- _Entries supplied_:
--------------------
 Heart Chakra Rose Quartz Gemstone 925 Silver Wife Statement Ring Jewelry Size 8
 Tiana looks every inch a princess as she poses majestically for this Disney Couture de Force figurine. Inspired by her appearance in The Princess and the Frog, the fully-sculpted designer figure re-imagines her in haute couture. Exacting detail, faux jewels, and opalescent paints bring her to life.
--------------------
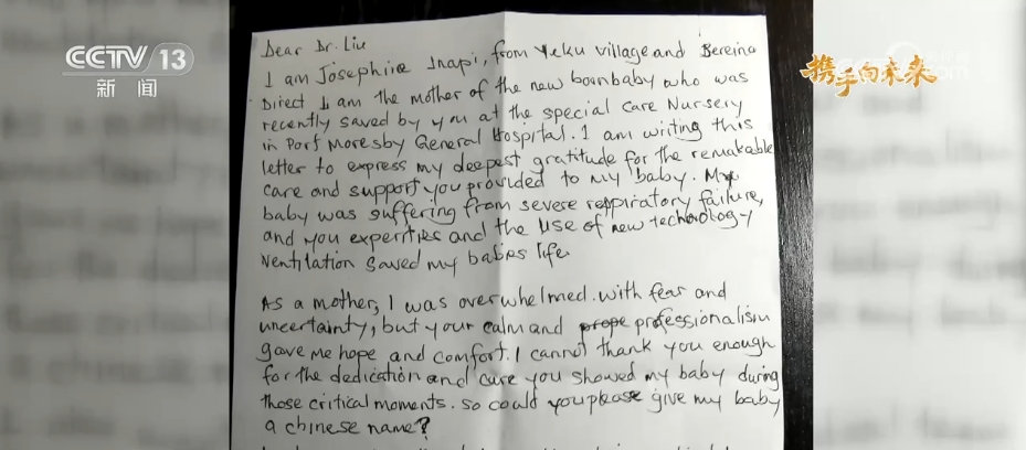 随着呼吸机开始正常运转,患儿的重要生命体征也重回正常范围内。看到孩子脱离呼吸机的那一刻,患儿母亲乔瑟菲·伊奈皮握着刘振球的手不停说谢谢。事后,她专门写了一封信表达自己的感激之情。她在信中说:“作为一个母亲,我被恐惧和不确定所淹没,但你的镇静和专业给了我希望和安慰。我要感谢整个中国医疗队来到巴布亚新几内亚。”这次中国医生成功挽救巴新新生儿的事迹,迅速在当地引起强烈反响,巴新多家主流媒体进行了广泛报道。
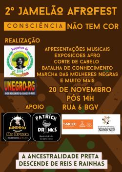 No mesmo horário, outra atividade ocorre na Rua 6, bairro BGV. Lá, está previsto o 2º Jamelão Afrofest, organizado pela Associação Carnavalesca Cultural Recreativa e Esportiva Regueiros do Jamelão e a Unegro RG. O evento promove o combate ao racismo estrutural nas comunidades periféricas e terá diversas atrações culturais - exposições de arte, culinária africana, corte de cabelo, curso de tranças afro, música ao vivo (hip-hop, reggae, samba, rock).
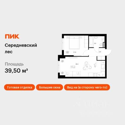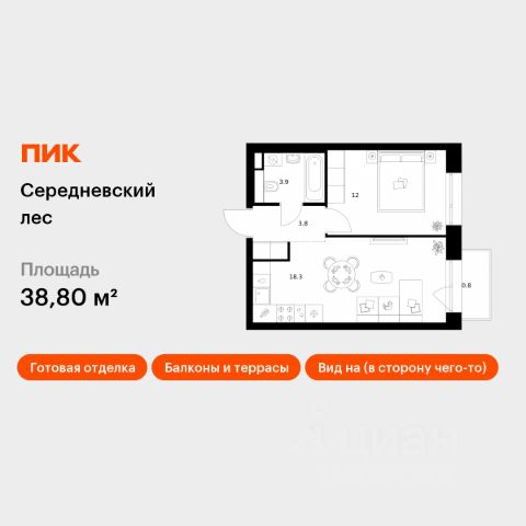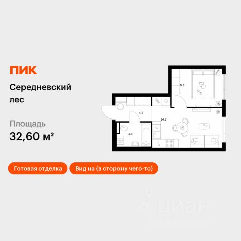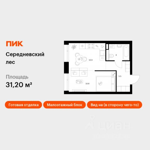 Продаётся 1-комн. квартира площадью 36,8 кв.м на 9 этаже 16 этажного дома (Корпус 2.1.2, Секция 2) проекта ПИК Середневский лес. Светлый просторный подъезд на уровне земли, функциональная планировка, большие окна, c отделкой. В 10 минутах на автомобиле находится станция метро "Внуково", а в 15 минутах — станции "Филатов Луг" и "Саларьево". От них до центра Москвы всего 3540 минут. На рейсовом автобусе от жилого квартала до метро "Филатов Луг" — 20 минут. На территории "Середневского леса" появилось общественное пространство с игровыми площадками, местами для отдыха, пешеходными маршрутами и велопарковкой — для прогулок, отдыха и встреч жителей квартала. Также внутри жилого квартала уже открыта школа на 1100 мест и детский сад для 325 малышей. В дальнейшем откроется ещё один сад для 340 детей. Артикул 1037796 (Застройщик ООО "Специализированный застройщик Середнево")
--------------------
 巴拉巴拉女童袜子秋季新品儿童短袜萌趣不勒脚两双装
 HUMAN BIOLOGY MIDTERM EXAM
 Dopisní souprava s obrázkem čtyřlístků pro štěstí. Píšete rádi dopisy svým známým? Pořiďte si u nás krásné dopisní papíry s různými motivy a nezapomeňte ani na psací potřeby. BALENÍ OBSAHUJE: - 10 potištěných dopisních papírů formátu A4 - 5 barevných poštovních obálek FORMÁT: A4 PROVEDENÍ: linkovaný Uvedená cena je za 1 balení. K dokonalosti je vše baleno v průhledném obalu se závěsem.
--------------------
- _Instructions for the task_: Each line in the entries above, starting at the line with "Heart Chakra Rose" and ending at the line with "Tiana looks every", is to be printed exactly, and only those lines.

- _Output for this task_:
 Heart Chakra Rose Quartz Gemstone 925 Silver Wife Statement Ring Jewelry Size 8
 Tiana looks every inch a princess as she poses majestically for this Disney Couture de Force figurine. Inspired by her appearance in The Princess and the Frog, the fully-sculpted designer figure re-imagines her in haute couture. Exacting detail, faux jewels, and opalescent paints bring her to life.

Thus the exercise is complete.